RSS is one of those technologies that you know has huge value, and yet continues to struggle for awareness and adoption. Google tracks the leading “what is” searches. The fifth most popular on its list? “What is RSS?” Take that as both good and bad. Good that people want to know, bad that awareness continues to be a struggle.

Forrester analyst Oliver Young has a sharp write-up that shows enterprise RSS did not expand inside companies as many had thought it would this year.

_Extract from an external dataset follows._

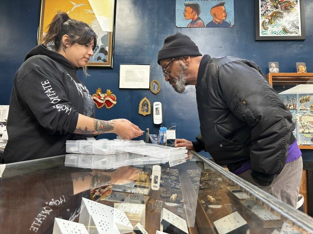 At Skincraft, an LGBTQ+ friendly piercing and tattoo shop in Northside, Ron browses a glass case for new jewelry.

As he notes:

Of the three enterprise RSS vendors selling into this space at the start of 2008: KnowNow went out of business completely; NewsGator shifted focus and now leads with its Social Sites for SharePoint offering, while its Enterprise Server catches much less attention; and Attensa has been very quiet this year.

RSS is a great way to distribute content inside companies, but its ongoing limited adoption was a big non-story for the year.

9. IBM and Intel Issue Employee Social Media Guidelines

IBM and Intel each established guidelines for their employees who participate in social media. As I wrote, this essentially was a deputization of employees as brand managers out on the web. These market leaders were essentially saying, “have at it out there on blogs, social networks, Twitter, etc. But make sure you know the company’s expectations.” These guidelines represent a milestone in large enterprises’ comfort with social media. I expect we’ll see more of this in 2009.

10. The Recession

This affects all industries, globally, of course. And Enterprise 2.0 is no exception. Jive Software made news with its layoffs, but the effect was industry-wide. And of course, corporate buyers aren’t immune either.

Those are my ten. Did I miss a big story for 2008? Add your thoughts in the comments.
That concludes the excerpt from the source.